**Task to carry out**
Make the copy match the entries below exactly, with no pictures carried over.

**Source material**
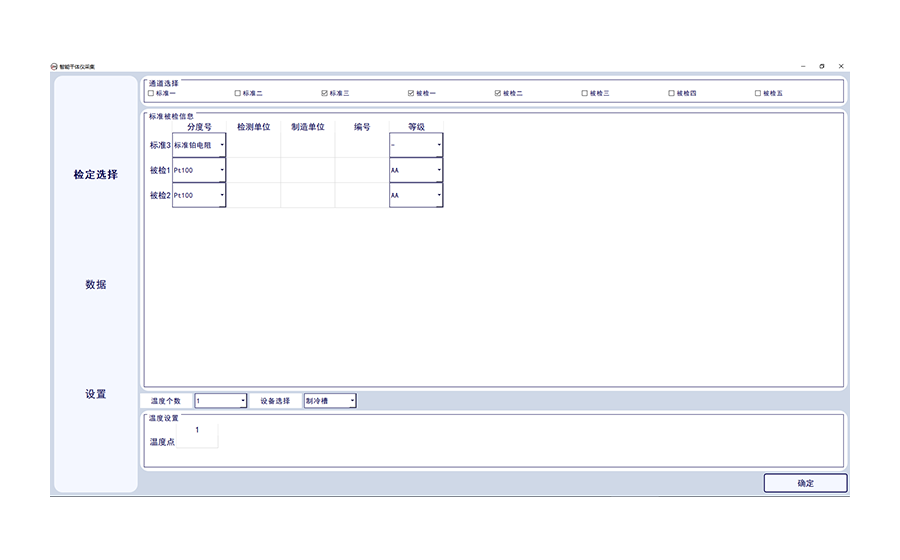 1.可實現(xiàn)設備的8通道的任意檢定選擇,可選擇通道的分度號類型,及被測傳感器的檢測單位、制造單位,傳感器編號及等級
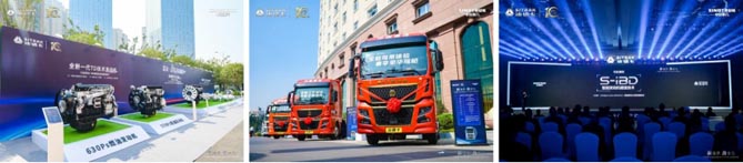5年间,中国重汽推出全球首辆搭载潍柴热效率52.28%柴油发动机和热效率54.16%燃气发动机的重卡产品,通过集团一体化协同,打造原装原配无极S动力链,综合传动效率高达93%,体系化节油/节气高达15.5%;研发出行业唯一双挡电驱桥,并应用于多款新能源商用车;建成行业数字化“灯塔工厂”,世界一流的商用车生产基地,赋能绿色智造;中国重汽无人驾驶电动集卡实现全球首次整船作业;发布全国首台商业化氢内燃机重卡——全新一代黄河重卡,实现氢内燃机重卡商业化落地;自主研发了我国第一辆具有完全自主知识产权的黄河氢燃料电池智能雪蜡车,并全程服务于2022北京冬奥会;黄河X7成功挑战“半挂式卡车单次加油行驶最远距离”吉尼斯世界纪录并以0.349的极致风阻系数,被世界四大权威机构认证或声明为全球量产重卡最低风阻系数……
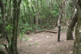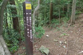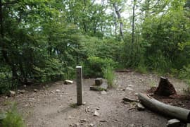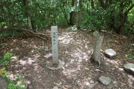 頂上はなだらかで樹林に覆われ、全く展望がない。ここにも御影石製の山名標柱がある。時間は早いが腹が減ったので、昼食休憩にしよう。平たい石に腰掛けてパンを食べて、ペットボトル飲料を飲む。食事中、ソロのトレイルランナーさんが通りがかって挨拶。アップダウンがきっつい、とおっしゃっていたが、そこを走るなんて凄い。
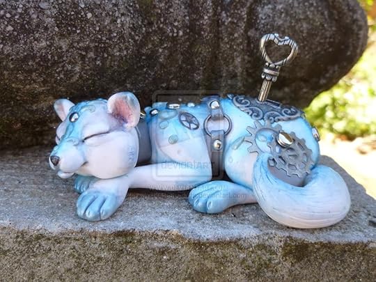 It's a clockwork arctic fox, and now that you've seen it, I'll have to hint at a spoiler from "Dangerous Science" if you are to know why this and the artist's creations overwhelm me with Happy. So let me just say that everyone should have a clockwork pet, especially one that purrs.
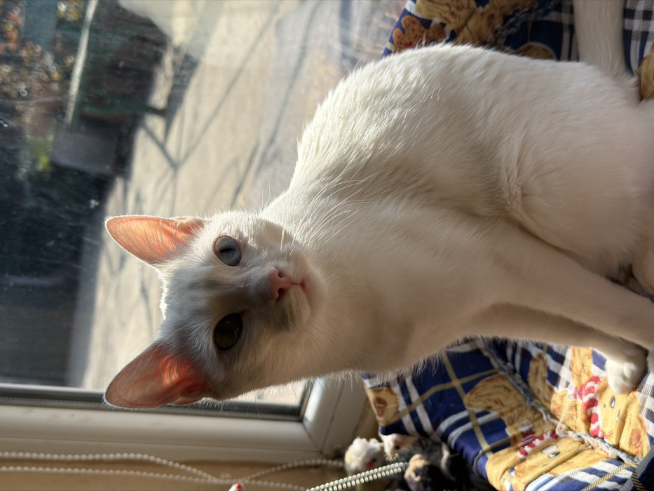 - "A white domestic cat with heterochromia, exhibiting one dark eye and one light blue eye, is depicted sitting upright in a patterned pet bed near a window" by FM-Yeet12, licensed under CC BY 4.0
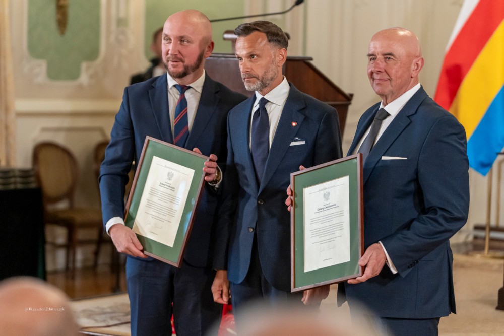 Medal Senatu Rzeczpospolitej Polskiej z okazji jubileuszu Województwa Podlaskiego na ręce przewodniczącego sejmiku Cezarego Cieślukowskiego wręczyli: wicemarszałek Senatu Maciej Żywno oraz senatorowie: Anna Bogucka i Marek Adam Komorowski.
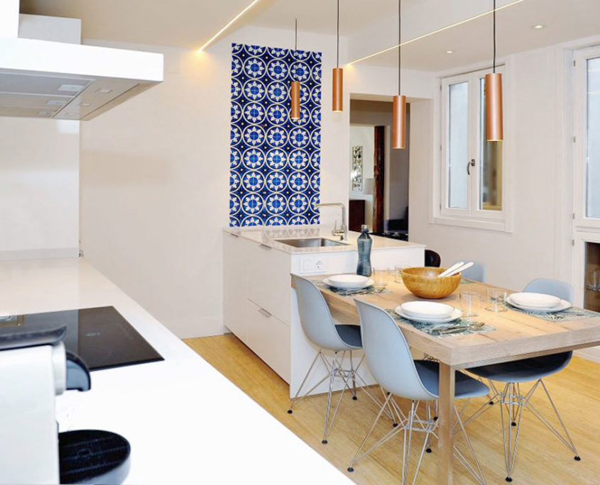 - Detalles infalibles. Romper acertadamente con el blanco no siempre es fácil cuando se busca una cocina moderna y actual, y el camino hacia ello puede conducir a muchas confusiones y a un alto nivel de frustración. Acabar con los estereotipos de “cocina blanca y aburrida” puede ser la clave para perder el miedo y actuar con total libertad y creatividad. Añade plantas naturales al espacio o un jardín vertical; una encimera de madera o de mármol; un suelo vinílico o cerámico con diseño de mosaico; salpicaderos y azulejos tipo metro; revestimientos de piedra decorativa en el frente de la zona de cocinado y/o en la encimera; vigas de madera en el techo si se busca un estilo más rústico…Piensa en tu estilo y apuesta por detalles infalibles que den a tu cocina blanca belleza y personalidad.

**Response to the task**
 1.可實現(xiàn)設備的8通道的任意檢定選擇,可選擇通道的分度號類型,及被測傳感器的檢測單位、制造單位,傳感器編號及等級
5年间,中国重汽推出全球首辆搭载潍柴热效率52.28%柴油发动机和热效率54.16%燃气发动机的重卡产品,通过集团一体化协同,打造原装原配无极S动力链,综合传动效率高达93%,体系化节油/节气高达15.5%;研发出行业唯一双挡电驱桥,并应用于多款新能源商用车;建成行业数字化“灯塔工厂”,世界一流的商用车生产基地,赋能绿色智造;中国重汽无人驾驶电动集卡实现全球首次整船作业;发布全国首台商业化氢内燃机重卡——全新一代黄河重卡,实现氢内燃机重卡商业化落地;自主研发了我国第一辆具有完全自主知识产权的黄河氢燃料电池智能雪蜡车,并全程服务于2022北京冬奥会;黄河X7成功挑战“半挂式卡车单次加油行驶最远距离”吉尼斯世界纪录并以0.349的极致风阻系数,被世界四大权威机构认证或声明为全球量产重卡最低风阻系数……
 頂上はなだらかで樹林に覆われ、全く展望がない。ここにも御影石製の山名標柱がある。時間は早いが腹が減ったので、昼食休憩にしよう。平たい石に腰掛けてパンを食べて、ペットボトル飲料を飲む。食事中、ソロのトレイルランナーさんが通りがかって挨拶。アップダウンがきっつい、とおっしゃっていたが、そこを走るなんて凄い。
 It's a clockwork arctic fox, and now that you've seen it, I'll have to hint at a spoiler from "Dangerous Science" if you are to know why this and the artist's creations overwhelm me with Happy. So let me just say that everyone should have a clockwork pet, especially one that purrs.
 - "A white domestic cat with heterochromia, exhibiting one dark eye and one light blue eye, is depicted sitting upright in a patterned pet bed near a window" by FM-Yeet12, licensed under CC BY 4.0
 Medal Senatu Rzeczpospolitej Polskiej z okazji jubileuszu Województwa Podlaskiego na ręce przewodniczącego sejmiku Cezarego Cieślukowskiego wręczyli: wicemarszałek Senatu Maciej Żywno oraz senatorowie: Anna Bogucka i Marek Adam Komorowski.
 - Detalles infalibles. Romper acertadamente con el blanco no siempre es fácil cuando se busca una cocina moderna y actual, y el camino hacia ello puede conducir a muchas confusiones y a un alto nivel de frustración. Acabar con los estereotipos de “cocina blanca y aburrida” puede ser la clave para perder el miedo y actuar con total libertad y creatividad. Añade plantas naturales al espacio o un jardín vertical; una encimera de madera o de mármol; un suelo vinílico o cerámico con diseño de mosaico; salpicaderos y azulejos tipo metro; revestimientos de piedra decorativa en el frente de la zona de cocinado y/o en la encimera; vigas de madera en el techo si se busca un estilo más rústico…Piensa en tu estilo y apuesta por detalles infalibles que den a tu cocina blanca belleza y personalidad.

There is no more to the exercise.